The process I went through can be summed up like this:

1. Figure out what areas I'm passionate about and invest deeply in learning them & practicing them.

The key to this step is not only to "have a passion," but to invest resources and time in learning about it, and most important, getting hands-on time to practice it.

2. Develop the ability to articulate my areas of depth and expertise and find ways for this to be findable by others.

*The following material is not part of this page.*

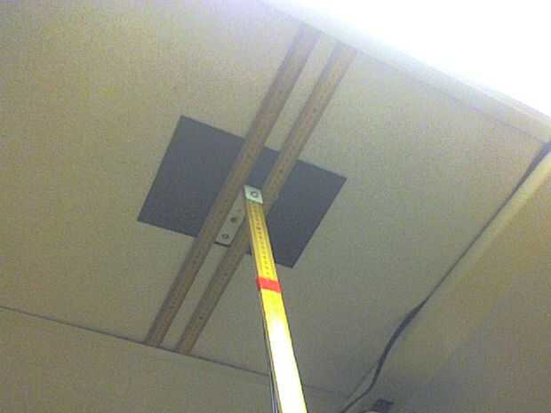 Nada es fijo todo solo cuelga allí. cuña debajo de los bordes de los azulejos del techo.

In this case, SurveyMonkey found me via my LinkedIn profile, but I also made sure I was doing public speaking, writing, and other activities to get myself out there.

3. Cultivate an openness to serendipity.

Here, it meant pursuing conversations that allowed me to explore opportunities with less fear of rejection.

My lesson learned from the transition from my entry level sales job to SVP of Marketing is this: don't focus on getting leverage too early. Many people give the advice to focus on leverage and delegation to drive results but in this case my advice is the opposite. When it's early days, don't focus on leverage so much as on learning as much as possible in an applied way. I didn't just want to drive the car — I wanted to know how to build it from the ground up. If I had focused on leverage before I knew how all the parts worked, it would have been very unlikely that I'd have achieved the operational mastery that gave me credibility for each next level.

As you keep growing your company and your career, I wish you three things: Don't let rejection get you down — make it a funnel. In my case the funnel was a really simple one: warm introduction -> conversation -> offers. Don't focus on leverage too early — learn how to build the car, don't just get a chauffeur. And, eat your broccoli.